義姉は見たことがないそうなのですが、幼子と女一人の家を狙った変質者か、甥にしか見えない何かだったのか...。

今となっては確かめようもありませんが、甥には恐怖だったと思います。

また、甥が中学1年の時、甥一家は今まで住んでいた家の斜め向かいにあった家に引っ越しました。

義姉が決めたようですが、築40年以上のその家は、持ち主が10人近く入れ替わっている、はたから見たらイワクつきの物件です。

甥一家が住み始めてしばらくたった日のことでした。

甥が遊びに来る際はいつも車で迎えに行くのですが、家の前で待っていると、左側の隣家の出窓からガラスにへばりつくように黒い髪の女の人がコチラを見ていました。

たまたま母も一緒に車にいたので、なんか見ているね...と話していたのですが、甥が出てきたので家に向かいました。

家に到着してもその女性のことが妙に気になりました。

「隣の家との間の出窓さぁ...」

話題に挙げようとしたとたん、甥が言ったのです。

「おばちゃん、隣の家との間に出窓なんかないで」

「えぇ!?」と思いつつ別の日に迎えに行ったときに見ると、確かに出窓はありませんでした。

ついに私も(母も)見てしまったのか...と思いました。

やはり何かある土地のようでした。

甥も当然分かっているらしく、高校生ぐらいまでは何かにつけて私の家に遊びに来ていましたし、受験時期には自分の部屋があるのに歩いて30分ほど先にある児童館で夜9時まで勉強していました。

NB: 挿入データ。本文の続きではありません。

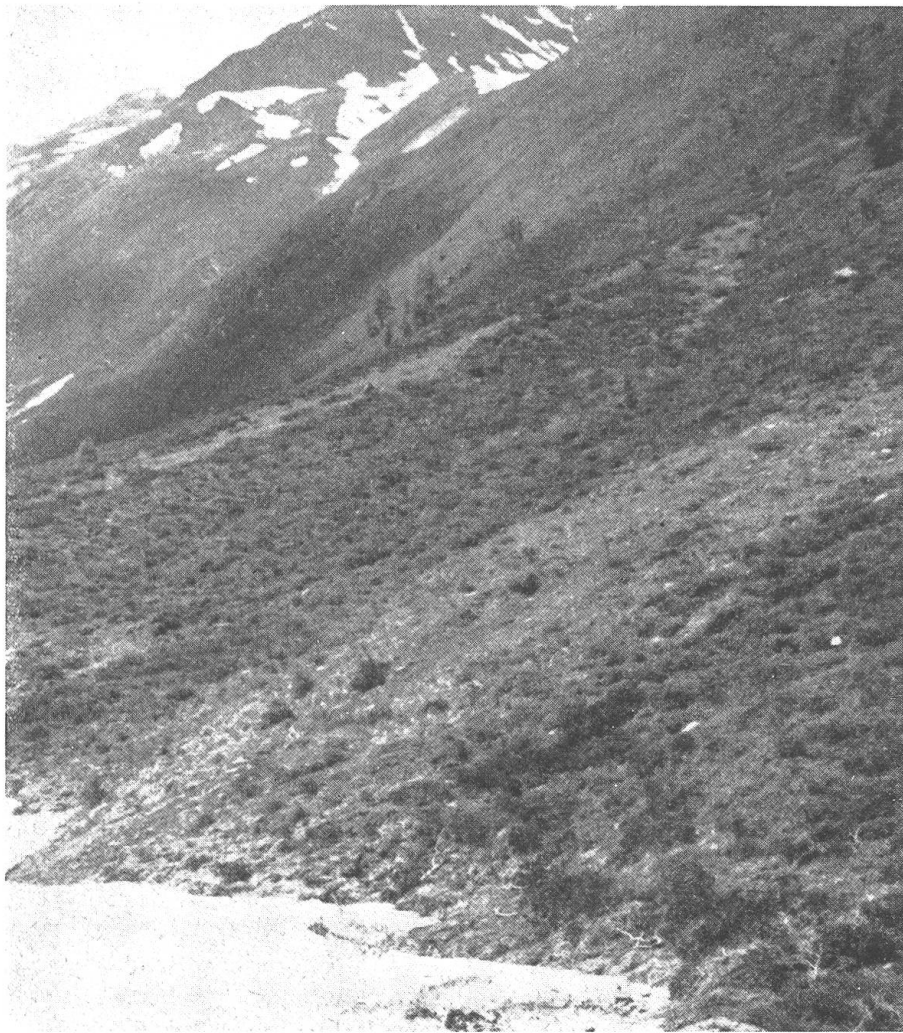
Abb. 4. Eine Hochalm im Defreggental (Osttirol). Dieses Bild zeigt deutlich, wie hier durch Überhandnehmen der Alpenrosen jeder üppige Graswuchs unterbunden wird

Kaine der Roggenfelder und bietet einem pilzlichen Parasiten des Getreides, dem Getreiderost ( Puccinia graminis ), eine willkommene Gelegenheit der Überwinterung. Dieser Pilz, welcher sich während der Vegetationsperiode des Getreides an den Halmen festsetzt, wird mit Eintreten der Roggenernte obdachlos. Die Sporen werden vom Wind auf die benachbarte Berberitze übertragen und überdauern dort — gut geschützt — den Winter. Auch hier wurde der Versuch unternommen, durch Bespritzung der Berberitzensträucher mit Dicopur Abhilfe zu schaffen. Diese Versuche sind noch nicht abgeschlossen, doch zeigt sich schon jetzt, daß die Berberitze schwer geschädigt wird. Durch diese Maßnahme wird dem Pilz die Überwinterungsmöglichkeit genommen, und die Roggenfelder des Lungau werden, wenn die Bekämpfung der Berberitze vollständig gelöst sein wird, wieder vollwertige Ernten bringen.
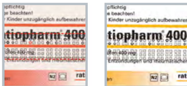
Beispiele einer Braille- (Blindenschrift-) Prüfung
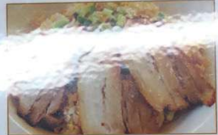
92. チャーシュー炒飯 叉烧炒飯 ¥780
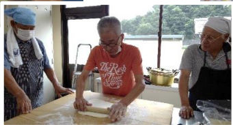
教室で行ったうどん作りのレシピは小地域ケア会議通信を通じて地域にも紹介しています。
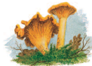
Illustration : Hervé LE GRAËT
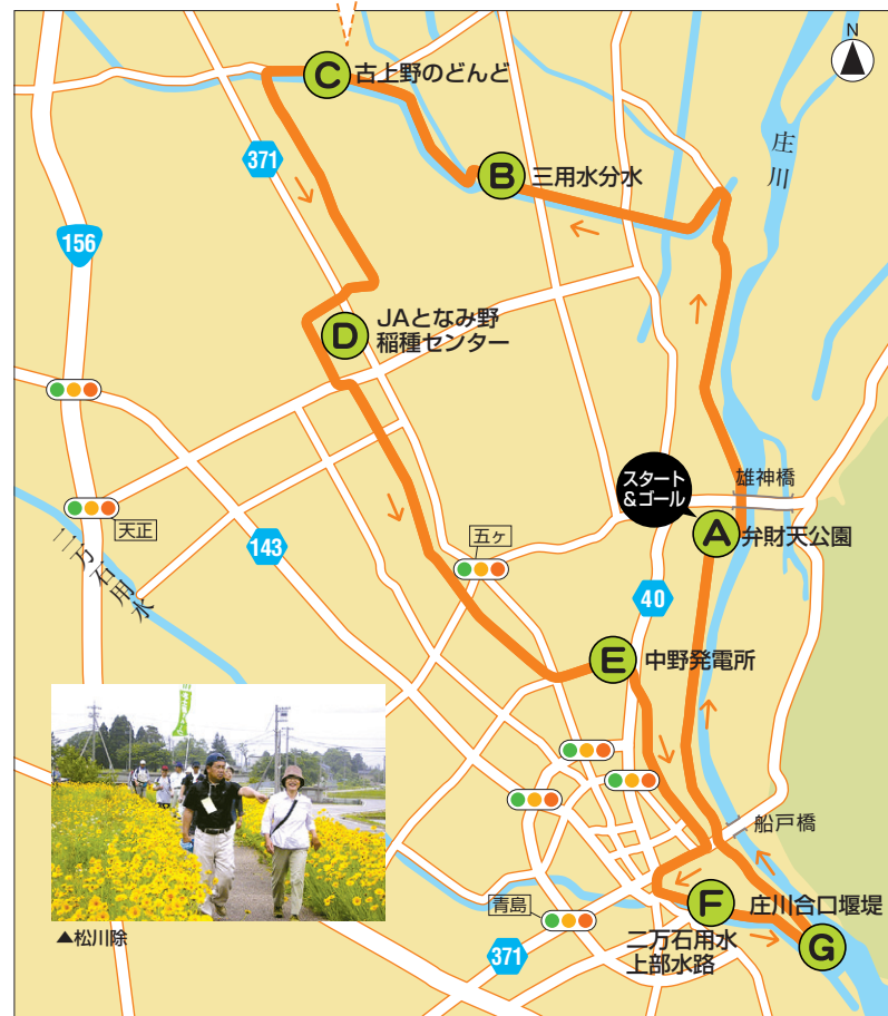
問 庄川沿岸用水連合 / 〒939-1386 砺波市幸町1-8 tel 0763-32-2351 fax 0763-32-7009

甥以外の家族は感じない人たちなので、何を言っても聞く耳を持たないそうです。

甥はなるべく家にいないようにして過ごしていて、かわいそうに思っていました。

そんな甥も大学に入り、2回生のときに大学近くに下宿しました。

一度、下宿先に荷物を運ぶ名目で、母と息子の3人で見に行ったことがありましたが、大きな有名神社の近くの部屋で、落ち着いて生活しているようでした。

甥が安心して過ごせる場所が見つかって本当によかったと心から思いました。